Vivo in una casa famiglia. Sono di tutti, e per questo, di nessuno. Quando sono tornata a casa dall’ospedale – definitivamente, voglio dire – mi è stata data una stanza tutta per me nell’istituto. Così sono entrata nel mondo degli adulti.

Ora vivo nella parte di qua, quella degli operatori, che non appartengono al mondo di chi una famiglia non ce l’ha, ma solo al mondo di chi aiuta, perché è più forte.

È così è stato come se d’improvviso non fossi più un’orfana, ma solo più forte.

Io una mamma non ce l’ho mai avuta, e la cosa mi fa piangere ogni notte. Non ho mai voluto fare come nei film e provare a cercarla.

“Potresti, se volessi”, qualcuno mi ha detto, visto che oggi, con le nuove leggi, con internet… Ma io sono questa persona qui, senza una mamma, sono mille occhi e mille carezze di persone che hanno provato a essere con me tutto quello che può essere una madre.

Per questo non ti cerco, mamma. Non voglio rischiare di disturbarti. Non voglio chiederti, anch’io, perché hai preso quella decisione. In fondo, se è vero che possiamo ritrovarci, puoi sempre iniziare tu, no?

Ha senso cercare di rovesciare il destino? Voglio accettarla così com’è la mia vita; così accetto anche me stessa.

Quando guardo le persone mi sento a disagio. Vorrei dire loro non guardarmi, ma non sempre posso e allora provo con un “posso provare a disegnarti?”. La gente sorride, smette di osservarmi e pensa che persino una come me potrebbe sorprenderla.

Ma se ritrovassi lei, mia madre, potrei dirle “posso provare a disegnarti?”, ovvio che no.

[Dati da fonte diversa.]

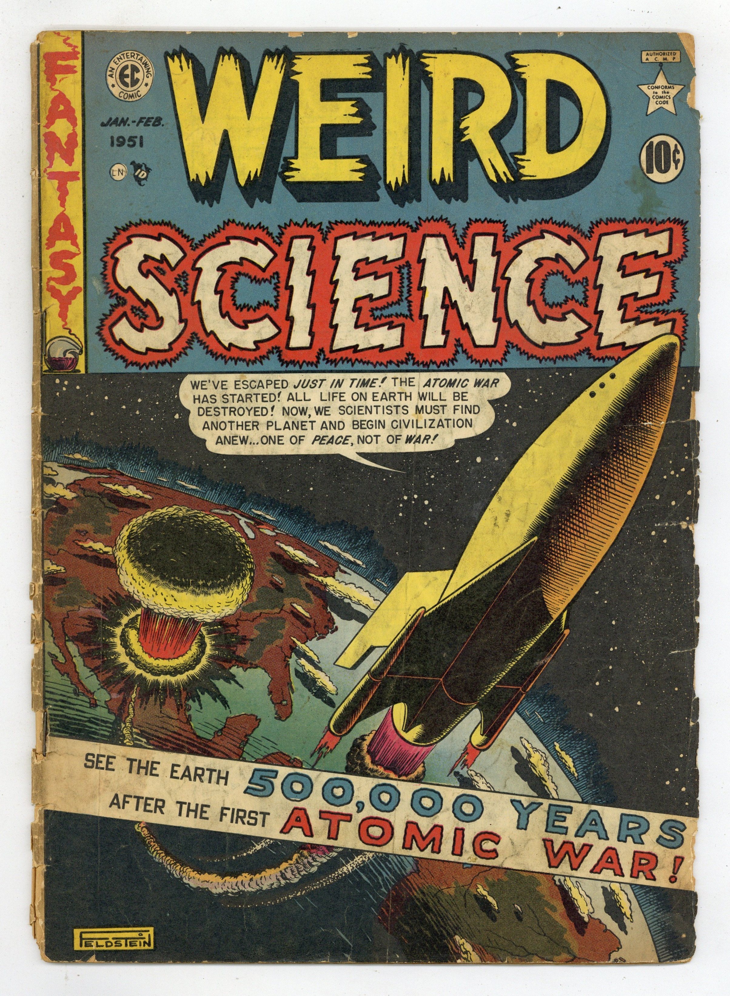 Cover by Al Feldstein. Stories by Harvey Kurtzman, Bill Gaines and Al Feldstein. Art by Harvey Kurtzman, Jack Kamen, Wally Wood, and Al Feldstein. EC's influential New Trend title featured some legendary sci-fi and comics artists. Scientists wonder if a threat from another world would unite humanity's warring factions, then get the chance to find out, in a story by Harvey Kurtzman. Space travelers visit their war-ravaged homeworld to find nothing's changed, with art by Wally Wood. A time-travel murder mystery is so convoluted it needs its own explanatory diagram, which is included. Classic Al Feldstein atom bomb/space cover. Made of the Future!; Return; Progress; The Last War on Earth; The Man Who Was Killed in Time. 36 pages, Full Color. Cover price $0.10.

Sono vent’anni che provo a disegnarla. A volte somiglia un po’ a me, poi penso che potrebbe essere più bella, e allora mi viene in mente che potrei aver preso anche da mio padre. Avrò pur avuto un padre.

Mi mancano le corsie dell’ospedale. Ero l’unica che si ostinava a non mettersi un pigiama, così ciondolavo in giro con i jeans strappati e le canottiere da uomo, anche quando facevano sbucare cerotti e tubicini. A volte avevo il moccio al naso.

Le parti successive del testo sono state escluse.